- [Your instructions] Pictures in the records below must be left out. Return exactly the lines from the line with "3. To serve" to the line with "# 19 # 3 OUR", both included.

- [Records for processing]
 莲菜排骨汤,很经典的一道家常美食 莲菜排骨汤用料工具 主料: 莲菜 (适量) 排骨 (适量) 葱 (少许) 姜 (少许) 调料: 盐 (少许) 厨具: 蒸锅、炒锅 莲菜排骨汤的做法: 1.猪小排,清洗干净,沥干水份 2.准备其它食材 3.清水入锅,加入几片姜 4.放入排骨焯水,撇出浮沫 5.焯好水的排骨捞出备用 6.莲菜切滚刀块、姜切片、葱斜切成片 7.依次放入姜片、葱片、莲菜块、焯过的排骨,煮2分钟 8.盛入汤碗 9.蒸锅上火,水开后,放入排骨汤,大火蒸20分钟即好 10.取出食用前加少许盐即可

==

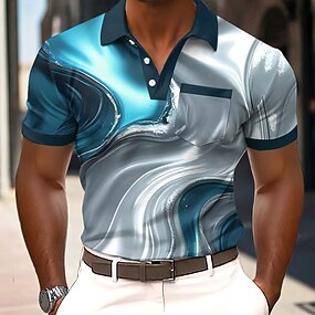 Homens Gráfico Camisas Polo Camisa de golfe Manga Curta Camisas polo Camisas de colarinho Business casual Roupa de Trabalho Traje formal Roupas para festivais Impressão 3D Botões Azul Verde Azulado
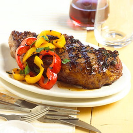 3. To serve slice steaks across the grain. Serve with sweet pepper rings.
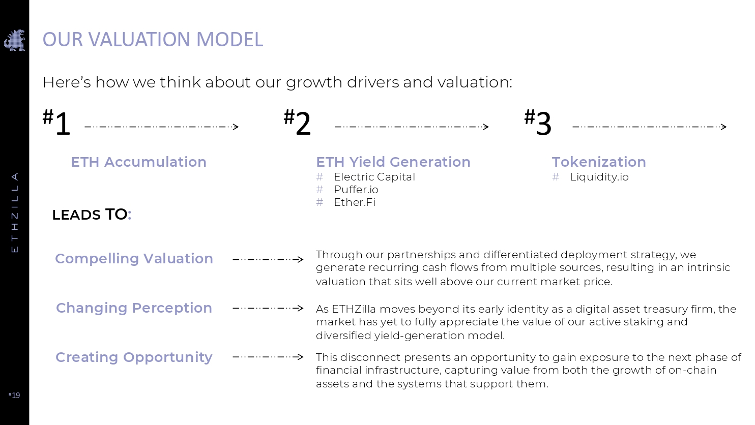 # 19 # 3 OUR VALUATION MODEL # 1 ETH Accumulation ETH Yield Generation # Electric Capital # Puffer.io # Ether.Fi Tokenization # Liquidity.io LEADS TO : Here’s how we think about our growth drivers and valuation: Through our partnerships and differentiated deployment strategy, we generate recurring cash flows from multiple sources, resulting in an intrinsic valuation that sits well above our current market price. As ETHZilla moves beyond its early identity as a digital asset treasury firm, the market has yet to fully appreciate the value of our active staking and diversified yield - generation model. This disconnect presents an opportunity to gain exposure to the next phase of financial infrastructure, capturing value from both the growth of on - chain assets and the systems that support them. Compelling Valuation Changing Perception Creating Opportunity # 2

- [Solution for this exercise]
 3. To serve slice steaks across the grain. Serve with sweet pepper rings.
 # 19 # 3 OUR VALUATION MODEL # 1 ETH Accumulation ETH Yield Generation # Electric Capital # Puffer.io # Ether.Fi Tokenization # Liquidity.io LEADS TO : Here’s how we think about our growth drivers and valuation: Through our partnerships and differentiated deployment strategy, we generate recurring cash flows from multiple sources, resulting in an intrinsic valuation that sits well above our current market price. As ETHZilla moves beyond its early identity as a digital asset treasury firm, the market has yet to fully appreciate the value of our active staking and diversified yield - generation model. This disconnect presents an opportunity to gain exposure to the next phase of financial infrastructure, capturing value from both the growth of on - chain assets and the systems that support them. Compelling Valuation Changing Perception Creating Opportunity # 2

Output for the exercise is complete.